一番星の正体

夕方、いちばん最初に見つかる明るい星を「一番星」と呼びますよね。これは特定の星の名前ではありません。でも、金星が見える時期なら、圧倒的な明るさの金星が一番星になることがほとんどです。

金星の正体は「内惑星」

金星と水星は、地球より内側を回る惑星(内惑星)です。太陽からある角度以上、離れて見えることはありません。その角度は、水星が最大28°、金星が約47°です。

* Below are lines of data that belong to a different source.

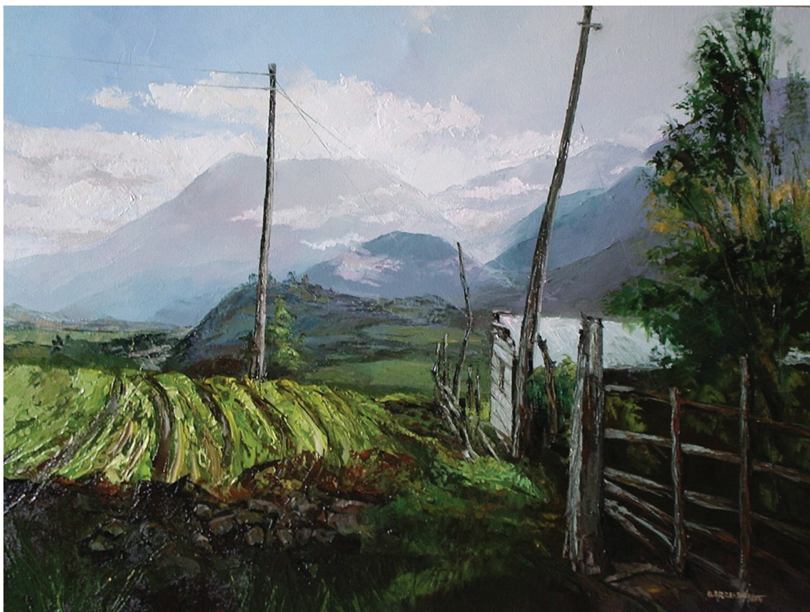
El valle del Patate, óleo, 60x80

tos. Busca insertarlos en la sociedad de modo que, de acuerdo con Ruffinato (2007) se sientan “parte activa por medio del trabajo, de la corresponsabilidad en el bien común y del empeño por una convivencia pacífica” (Chávez, 2008: 19) y, de ese modo, despertar participación honesta y ciudadana en la sociedad. El proyecto educativo salesiano se basa en el humanismo optimista que cree en las potencialidades del ser humano como agente transformador de la sociedad y protagonista de la historia.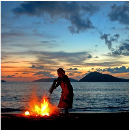
Lagerfeuer am Strand mit einem Ausblick auf die vorgelagerten Inseln, Thailand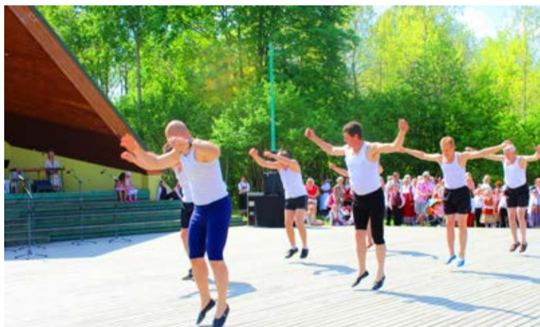
Saue Simmajate segarühma mehed tõid rahva ette meeleoluka võimlemiskava „Terves kehas terve vaim”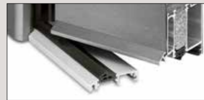
Wetterschenkel im Flügel vernietet, Wasser tropft von der Schwelle ab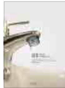
[그림 20] 2009, 일반부 (수도꼭지)

だから金星や水星は、けっして真夜中には見えません。太陽より東側にあるときは夕方の西の空、西側にあるときは明け方の東の空に見えます。この「太陽から離れられない」性質が、金星がいつも夕方か明け方にしか見えない理由です。

「宵の明星」「明けの明星」

金星は、夕方に見えるときは「よいの明星」、明け方に見えるときは「明けの明星」と呼ばれて親しまれています。「宵(よい)」は、日が沈んだあとの、まだ夜が浅い時間帯のことです。

圧倒的な明るさ

金星がいちばん明るいときの等級は、−4.7等。一等星のおよそ200倍の明るさです。金星が出ている時期なら、夕方の空にひとつだけ飛び抜けて明るい星があれば、まず金星です。

水星は太陽にとても近いので、日没直後か日の出直前の短い時間しか見られません。金星に比べると、ずっと見つけにくい星です。

「一番星はいつも金星」とは限らない

ただし、金星がいつも夕方の空にいるわけではありません。金星が見えない時期の一番星は、また別の明るい星になります。よぞらのトップページの「惑星」カードで、今夜の金星が「いちばん明るく見える星です」と出ているときは、この記事の話が根拠です。